**** INFORMATION PROVIDED ****
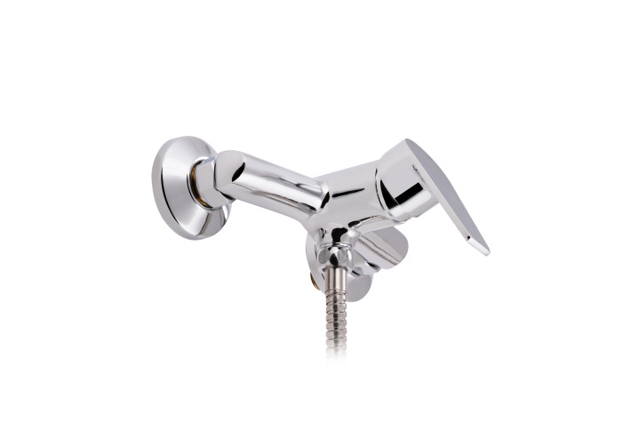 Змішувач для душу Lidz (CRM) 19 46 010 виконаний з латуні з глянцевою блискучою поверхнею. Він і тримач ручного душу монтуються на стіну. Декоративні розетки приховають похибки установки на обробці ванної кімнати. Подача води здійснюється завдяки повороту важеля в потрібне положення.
****
**** INFORMATION PROVIDED ****
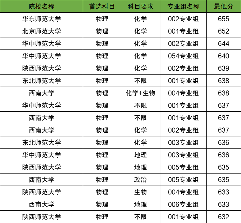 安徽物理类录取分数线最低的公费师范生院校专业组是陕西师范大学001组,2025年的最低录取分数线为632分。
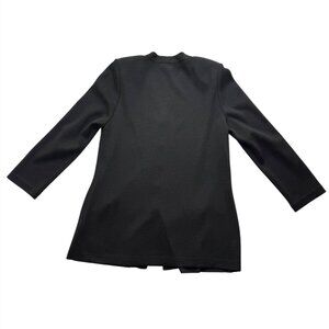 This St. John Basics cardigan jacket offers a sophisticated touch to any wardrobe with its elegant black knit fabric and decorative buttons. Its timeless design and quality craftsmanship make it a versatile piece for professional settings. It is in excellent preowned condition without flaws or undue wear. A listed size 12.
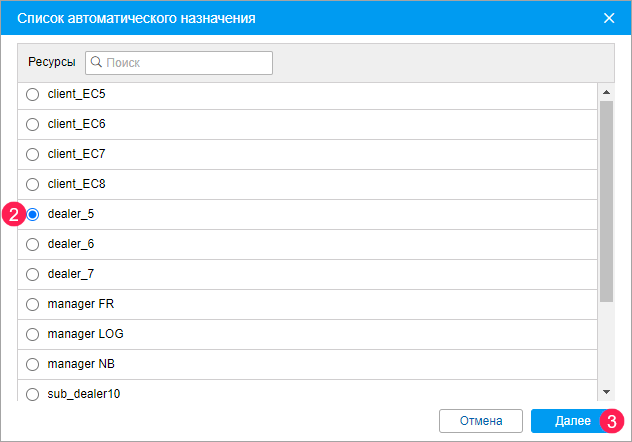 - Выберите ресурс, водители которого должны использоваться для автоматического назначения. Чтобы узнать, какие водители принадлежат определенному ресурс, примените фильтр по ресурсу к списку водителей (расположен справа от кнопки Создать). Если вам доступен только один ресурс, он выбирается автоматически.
****
**** INFORMATION PROVIDED ****
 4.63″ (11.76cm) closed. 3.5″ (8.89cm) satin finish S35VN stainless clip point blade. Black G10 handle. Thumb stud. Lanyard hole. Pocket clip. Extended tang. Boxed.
****
▸ **WHAT THE TASK REQUIRES**: Transcribe only this stretch of the data: the line with "This St. John", the line with "- Выберите ресурс, водители", and every line in between. Leave out the pictures.

▸ **OUTPUT BELOW**:
 This St. John Basics cardigan jacket offers a sophisticated touch to any wardrobe with its elegant black knit fabric and decorative buttons. Its timeless design and quality craftsmanship make it a versatile piece for professional settings. It is in excellent preowned condition without flaws or undue wear. A listed size 12.
 - Выберите ресурс, водители которого должны использоваться для автоматического назначения. Чтобы узнать, какие водители принадлежат определенному ресурс, примените фильтр по ресурсу к списку водителей (расположен справа от кнопки Создать). Если вам доступен только один ресурс, он выбирается автоматически.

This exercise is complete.